Effect of Design Parameters on Flame Flashback Phenomenon Utilizing a Strut-Cavity Flame Holder :: A Numerical Study

Hypersonic air-breathing propulsion is now a viable and cost-effective method for launching payloads into orbit. This technology has significant advantages for both military operations and high-speed civilian transportation. However, challenges such as inefficient mixing, poor combustion, and flame stabilization issues arise due to short flow residence times. Addressing flame stability and combustion enhancement is crucial for effective scramjet designs. The underlying physical mechanism of flame flashback remains unclear, necessitating intensive research to understand its origins. In this study, we investigated the impact of design parameters on flame flashback using a newly developed configuration of a strut-cavity flame holder. By examining the influence of upper wall divergence, strut half angle, and cavity offset ratio, we gained insights into the mechanism of flame flashback.  The two-equation k-ω SST turbulence model was utilized for these simulations.

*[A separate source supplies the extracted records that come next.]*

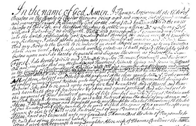 [11] First I do hereby Devise and give unto my Son Thomas Arrowsmith and his heirs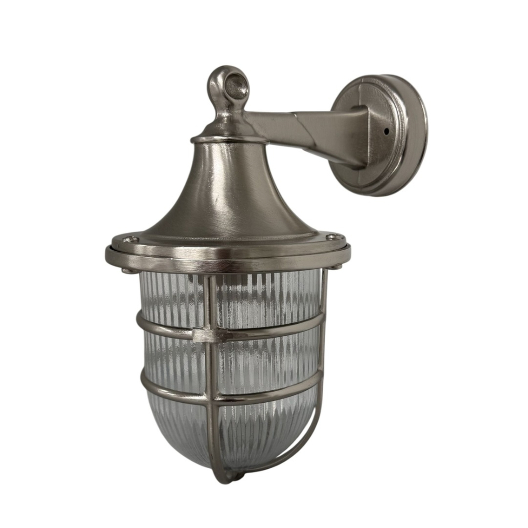 Navigator Grand Tiller Satin Nickel Downard Facing Wall Light With Clear Ribbed Glass - IP64, Solid Brass, Coastal | 09133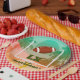 Football game day paper plates - in 2 sizes. Super fans will love these plates featuring palm trees and a football sailing through the uprights. MATCHING party invitations, plates, napkins and more in our store.
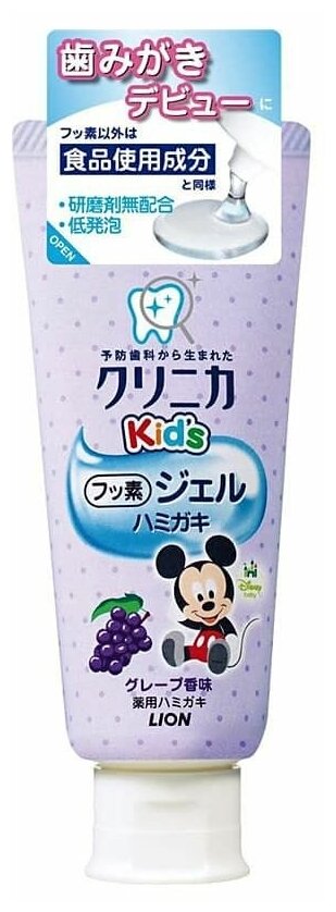 Зубная паста детская Lion Япония Clinica Kid's Gel с фтором, без абразива, виноград, 60 г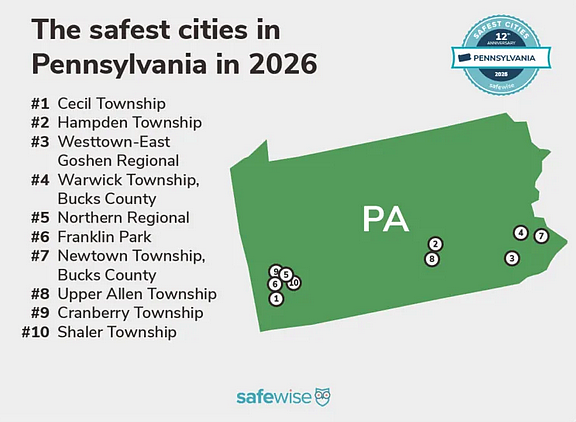 Warwick Township in Bucks County has been recognized as one of the safest communities in Pennsylvania for 2026, ranking near the top of a new statewide list compiled by SafeWise based on FBI crime data.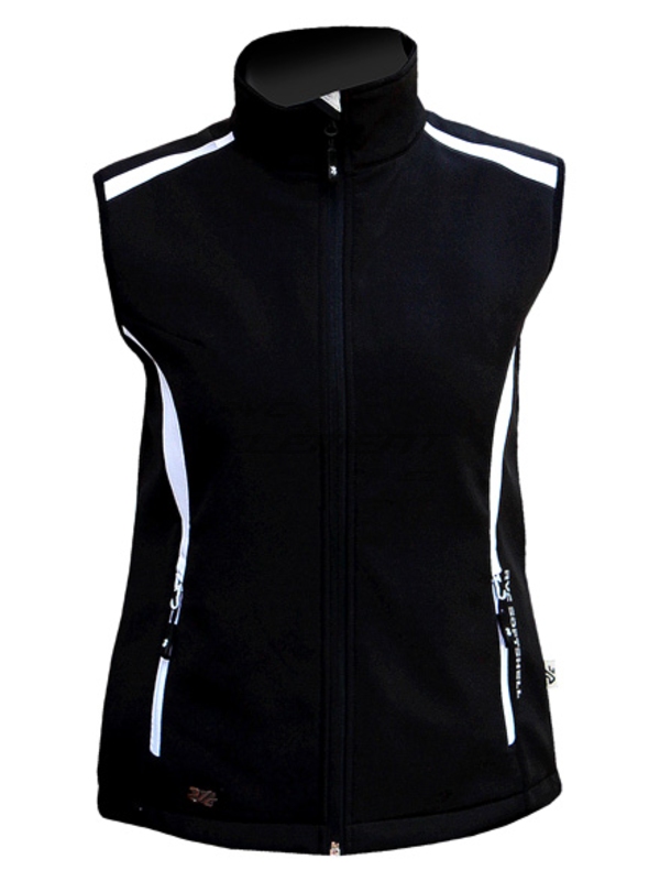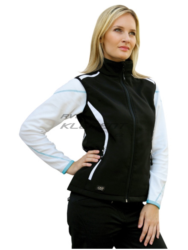 Kvalitní dámská větruodolná softshellová vesta, jednobarevná s kontrastními nápaditými detaily.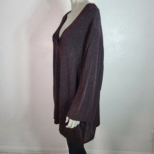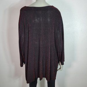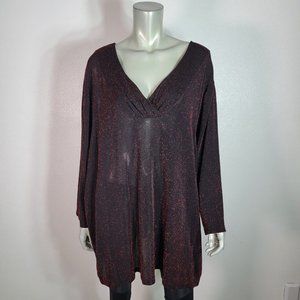 Catherines Top Plus Size 4X 30/32W Red Metallic Lightweight Stretch Casual Red V-Neck Pullover Long Sleeve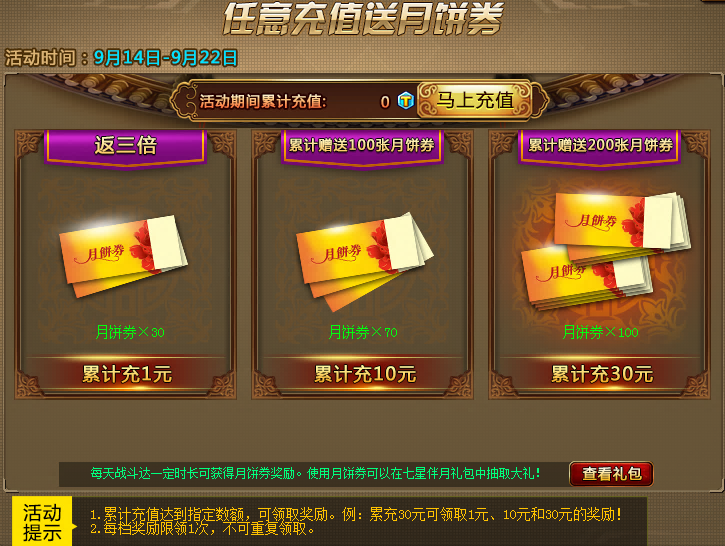 活动规则:充值任意金额,即可获得30个月饼券。累计充值满10元和30元,还有更多月饼券奖励!月饼券用于七星伴月礼包抽奖。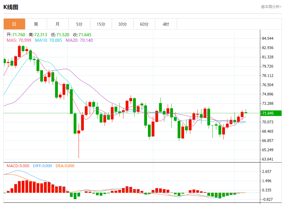 周四盘中,WTI原油报71.283,跌幅0.74%。

The shear layer, originating from the cavity corner’s leading edge, impinges on the transverse fuel injection from the rearward step of the offset cavity. This impingement results in a complex flow field around the strut-cavity flame holder, characterized by interactions between shear-layer-shock phenomenon, cavity recirculation zones, and the trajectories of both the shear layer and fuel. During transient flow, a pre-combustion shock train reduces the flow speed, allowing heat release to influence the flow field and upstream flame propagation. Wall divergence contains the heat release and counteracts flashback speed caused by flow acceleration. Additionally, factors like thermal choking, low-speed zones, and boundary layer separation contribute to the interplay between the flow and flame speeds. Reducing the height of the rear wall of the cavity in relation to the cavity offset ratio created low-speed zone. This adjustment improved the interaction between the fuel jet and the surrounding fluid. The duration the fuel spent within the cavity, influenced by both the cavity size and the way the fuel jet interacted, was a key factor. It was noted that the cavity with an offset ratio was more likely to cause early unstart due to an increased flame flashback speed, disrupting the core supersonic flow.